Her hold on his hand anchored him to the world. And eventually, the dizziness abated and the ringing in his ears, vibrating like a plucked wire, dimmed and died.

  “Are you ready?” Holcomb asked.

  He swallowed and nodded.

  The snick of the scissors echoed inside his head rather than against it. He held his breath as the pressure of the wrap released, and the grip of her hands intensified. He didn’t know which of them trembled. Maybe they both did.

  The cotton patches unraveled from beneath his nose, then lifted from his eyes, which he immediately peeled open.

  Sapphires danced in a blur of gold.

  “Can you see me?” she whispered breathlessly.

  He should answer her. He really should. But nothing seemed to obey him. No words could escape past the thickness in his throat.

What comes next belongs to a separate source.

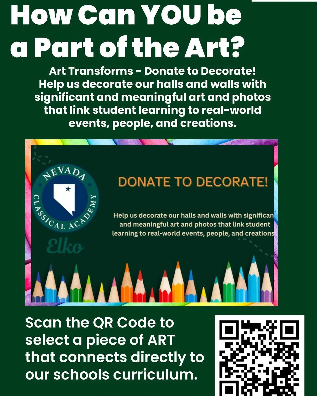 Help us decorate our halls and walls with significant and meaningful art and photos that link student learning to real-world events, people, and creations.

  “Close, if you please,” Dr. Holcomb clipped.

  He impatiently submitted his closed lids and tender nose to a warm wash with a cloth, then blinked them open the moment he could. His gaze starving for her.

  “You can see me!” she exclaimed.

  See her? He absorbed her. Devoured her. Committed every detail to his empty memory with inhuman precision. In fact, he could see nothing else. And never wanted to.

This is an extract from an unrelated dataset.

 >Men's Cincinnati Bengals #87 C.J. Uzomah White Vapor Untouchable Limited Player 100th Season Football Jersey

  The downy curve of her beaming cheeks, dimpled with a delighted smile. The fullness of her expressive lips. The riot of untamed curls spilling like dark honey down her plain peach gown.

  He was no poet, this he knew, because every word that came to mind was both crass and insufficient.

  He had no frame of reference with which to compare her. No metaphors to pronounce. But he remembered that in the graveyard, he’d dragged himself beneath the statue of an angel. Soft-cheeked and solemn, with the striations of gray stone curls tumbling down to her hands pressed in prayer. Her head tilted to the side, as she gazed in grace, guarding the dearly departed.

  The thought of that angel—of someone like her—missing him, loving him, assuming he was gone, fueled his ability to crawl, broken and burning, through the storm to the roadside.

  But during these weeks in the dark, when he could think through the pain, he’d realized a few things. No one had come for him, though the old earl had sent word far and wide.